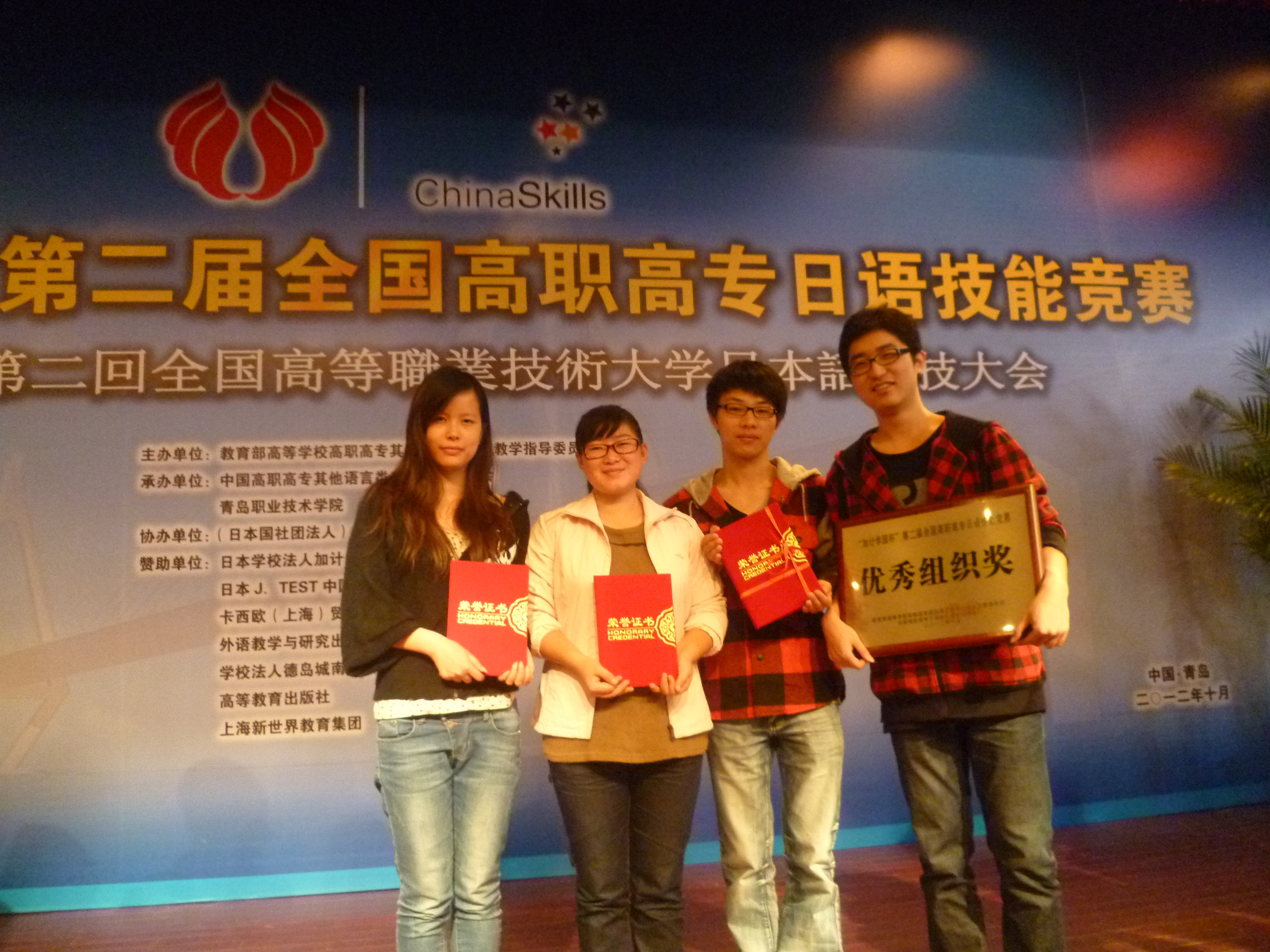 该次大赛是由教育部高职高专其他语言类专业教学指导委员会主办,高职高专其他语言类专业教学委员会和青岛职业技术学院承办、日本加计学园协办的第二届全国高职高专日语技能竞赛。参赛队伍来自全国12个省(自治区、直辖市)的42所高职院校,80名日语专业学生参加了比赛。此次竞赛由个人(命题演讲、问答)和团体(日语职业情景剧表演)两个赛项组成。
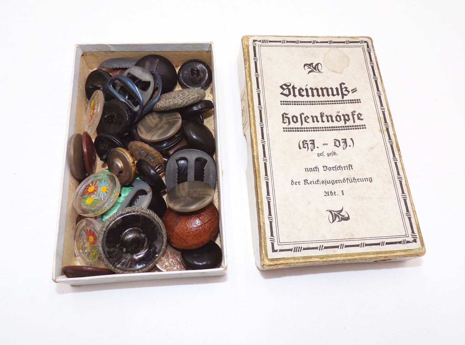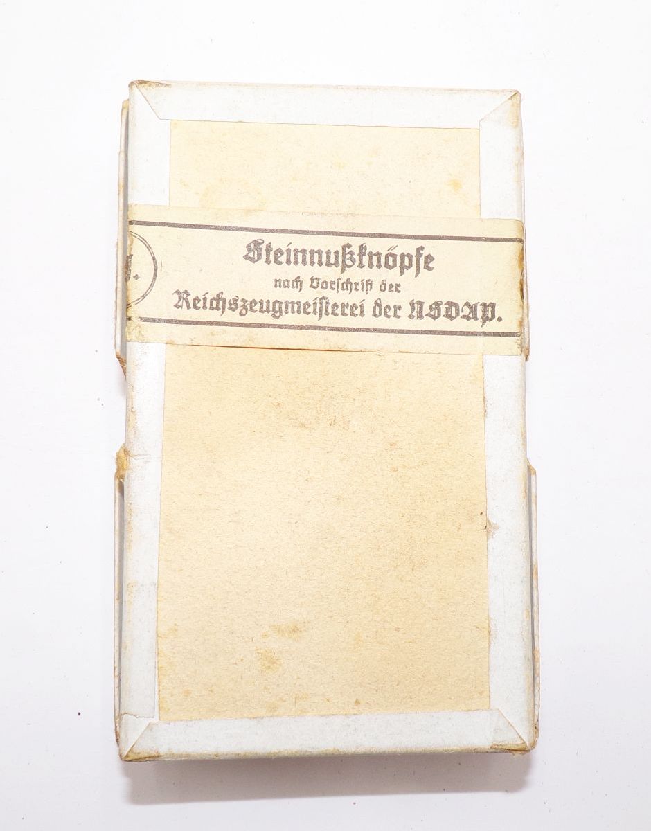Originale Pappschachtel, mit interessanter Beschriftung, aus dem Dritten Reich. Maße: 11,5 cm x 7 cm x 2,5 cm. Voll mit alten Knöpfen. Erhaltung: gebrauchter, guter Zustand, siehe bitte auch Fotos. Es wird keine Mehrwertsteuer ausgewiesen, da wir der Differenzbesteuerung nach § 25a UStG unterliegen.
==
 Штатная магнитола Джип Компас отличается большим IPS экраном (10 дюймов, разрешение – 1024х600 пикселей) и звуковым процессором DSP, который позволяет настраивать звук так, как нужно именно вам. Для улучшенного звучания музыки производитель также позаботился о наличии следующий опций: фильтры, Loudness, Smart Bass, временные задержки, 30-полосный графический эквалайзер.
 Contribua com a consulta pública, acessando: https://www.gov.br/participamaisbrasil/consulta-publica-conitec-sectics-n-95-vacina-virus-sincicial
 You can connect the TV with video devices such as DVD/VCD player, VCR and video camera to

### About this exercise
Print, from the entries above, the line with "Штатная магнитола Джип", the line with "You can connect" and all lines between them, exactly and with nothing else.

### Solution for this task
 Штатная магнитола Джип Компас отличается большим IPS экраном (10 дюймов, разрешение – 1024х600 пикселей) и звуковым процессором DSP, который позволяет настраивать звук так, как нужно именно вам. Для улучшенного звучания музыки производитель также позаботился о наличии следующий опций: фильтры, Loudness, Smart Bass, временные задержки, 30-полосный графический эквалайзер.
 Contribua com a consulta pública, acessando: https://www.gov.br/participamaisbrasil/consulta-publica-conitec-sectics-n-95-vacina-virus-sincicial
 You can connect the TV with video devices such as DVD/VCD player, VCR and video camera to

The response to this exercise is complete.